Looking at these, it makes me sad to think amongt the devistation and human toll of the vic fires,just what the toll is on the wildlife as well.


----------



## smacdonald (Feb 12, 2009)

BlindSnake said:


> Did you help out the Spotted Black Snake with it's dirt packed eye?



Nope. I wasn't going to get that close to it. I'm sure he was fine the next time it rained.


Stewart


----------



## i_LoVe_AnImAlS (Feb 12, 2009)

Awesome!!!!:d


----------



## smacdonald (Feb 12, 2009)

ryanharvey1993 said:


> oh ok, you see 2 types of dtella or just one, we actually bothered to ID the ones we found at warrumbungles, before then we always guessed by the pattern, is there a simpler way of ID them then looking at the toes, it gets annoying as some of the dtellas are small and they are very fast. have you got any more trips planned that we can look foward to?



No trips planned for the immediate future. Hopefully some work up at Mt Isa, but nothing's definite yet. Actually, I went to Lamington NP last weekend and found some leaf-tailed geckos and a Stephens' banded snake. I'll post pics eventually.
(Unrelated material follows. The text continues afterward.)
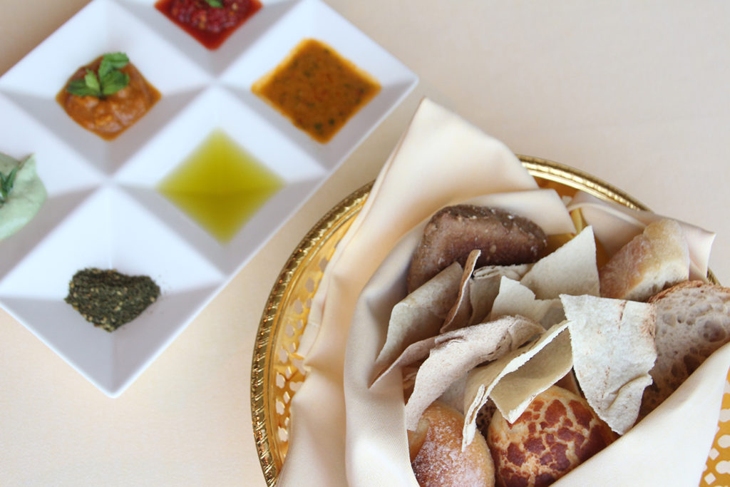 這次的 Buffet 價格折後只需 AED 260(HKD$572),相比香港的五星級酒店 Set Lunch 還便宜,服務水平卻是超水準,入座後,職員先介紹各種特色飲品,極力推介 Gold Emotion 這款含 24K 金的有氣蘋果汁和 Golden Arabic 果汁,我們就選擇了後者和果汁,隨即還端上了各種中東特色的麵包和醬汁,逐款解說。

I know of no easy way to ID dtellas in the field. They annoy me. A lot. If you find a good way, make sure you let me know!


Stewart


----------



## syxxx (Feb 15, 2009)

Great photos 
Looking forward to the Leaf Tails


----------



## nathancl (Feb 17, 2009)

hey stewart 

where out there did you find stenodactylum ????? i havent seen them out that way yet ?

cheers
natty


----------



## smacdonald (Feb 17, 2009)

nathancl said:


> where out there did you find stenodactylum ?????



That was a typo on my behalf. I meant _Lucasium steindachneri_. Please accept my sincerest apologies for the error. I will issue you with a full refund if you like.


Stewart


----------